====== Data

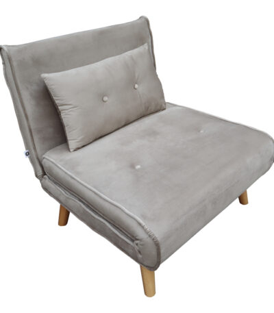 Josuane armchair-bed gray velvet and natural wood leg 77x80x81cm
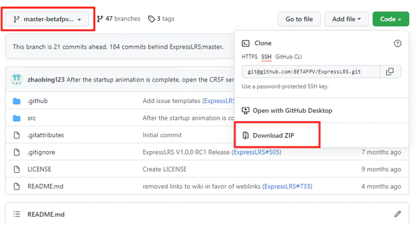 First, download the source code of master-betafpv-oled-menu branch to local from Github.
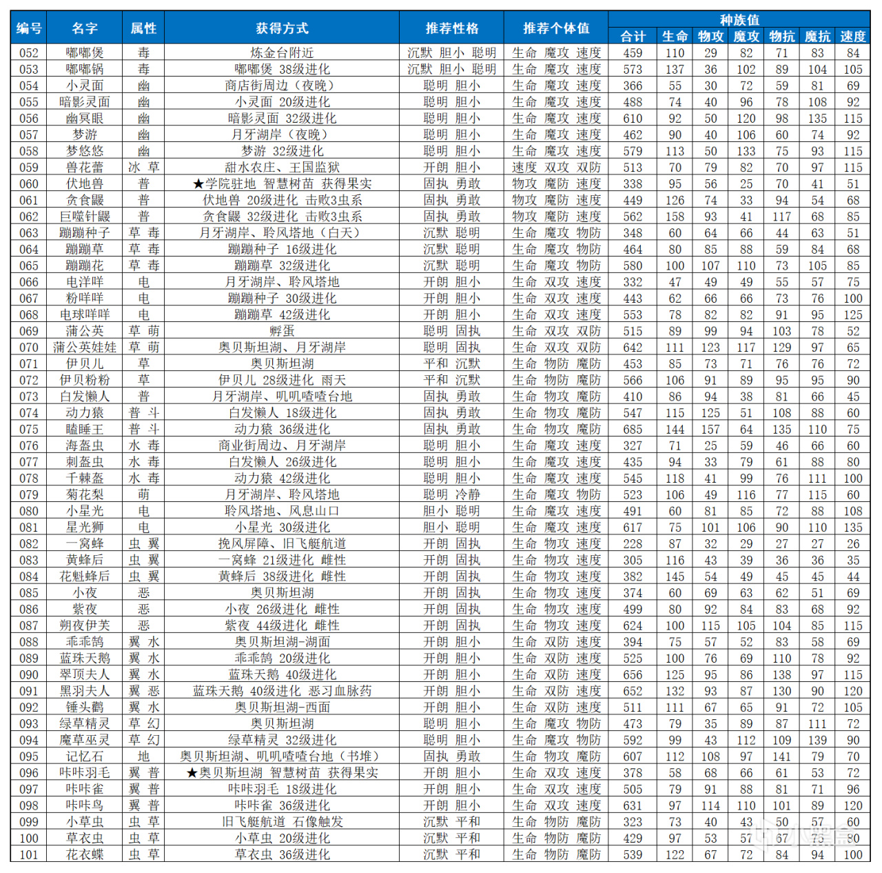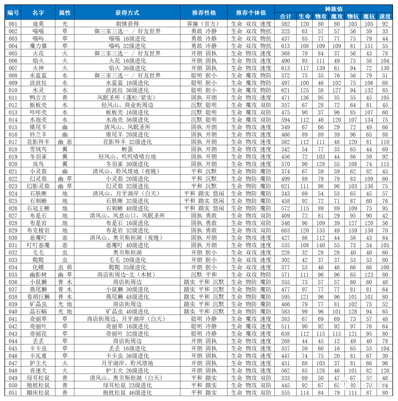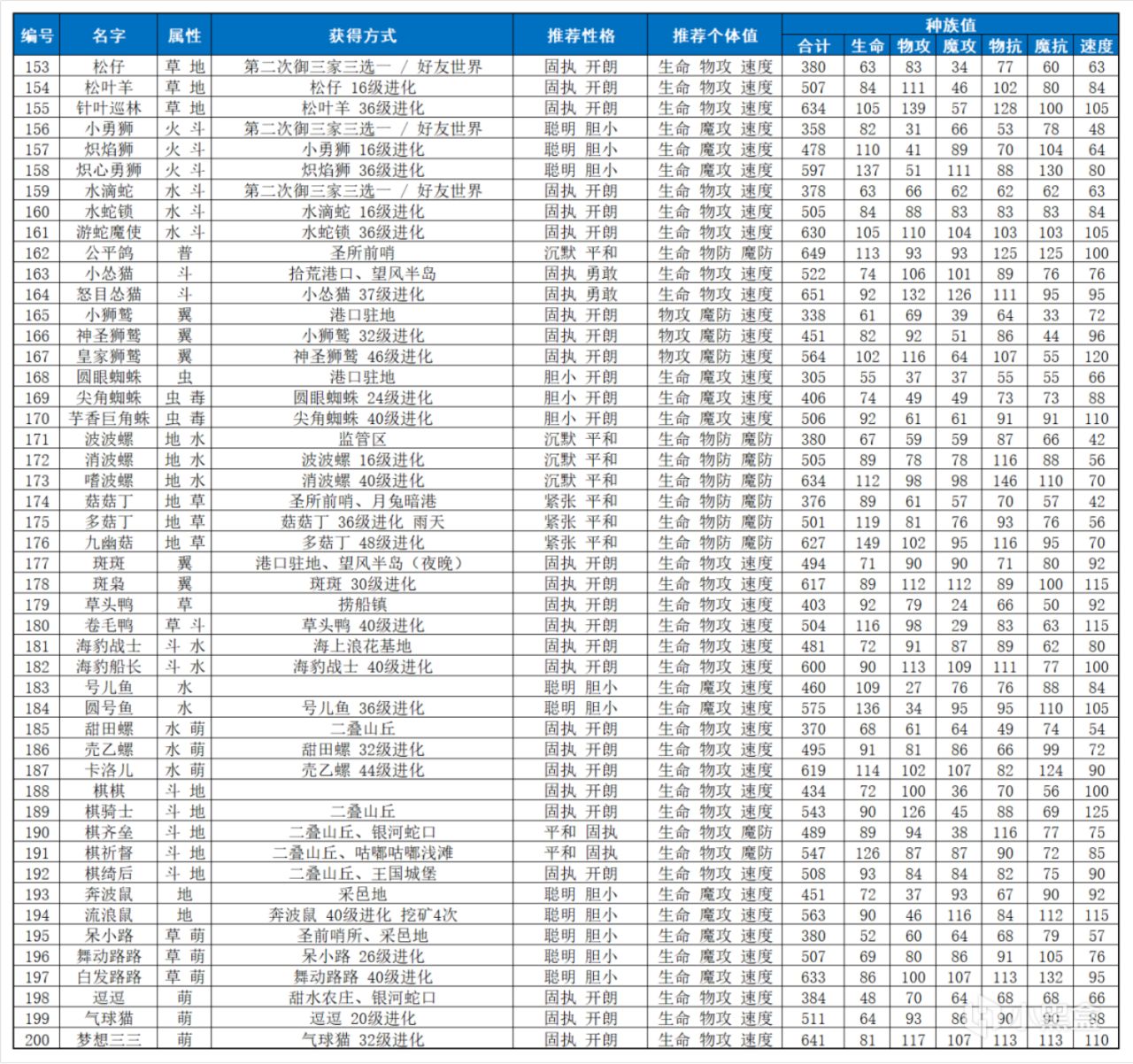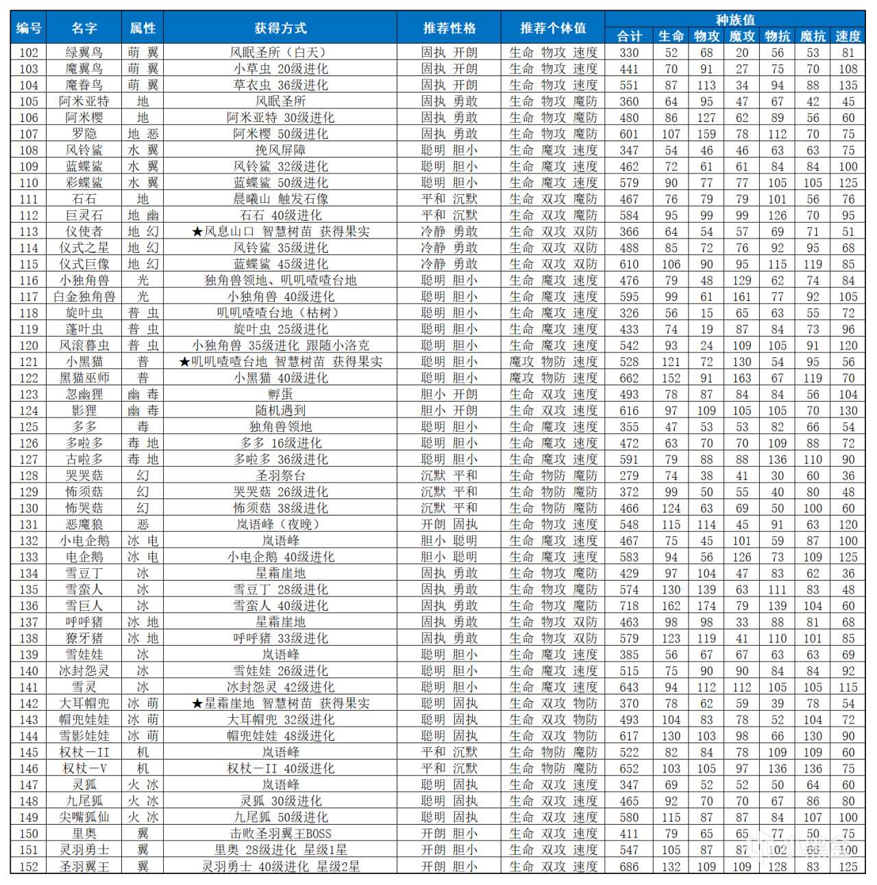 本表的推薦性格和個體值偏向pve 比如比較追求雙抗均衡(玩pvp我估計也不需要別人推薦了)

============

- [Task goal]:
Give again, word for word, the lines above from the one with "First, download the" through the final line of the data, both ends included. Do not copy any picture.

- [Answer]:
 First, download the source code of master-betafpv-oled-menu branch to local from Github.
 本表的推薦性格和個體值偏向pve 比如比較追求雙抗均衡(玩pvp我估計也不需要別人推薦了)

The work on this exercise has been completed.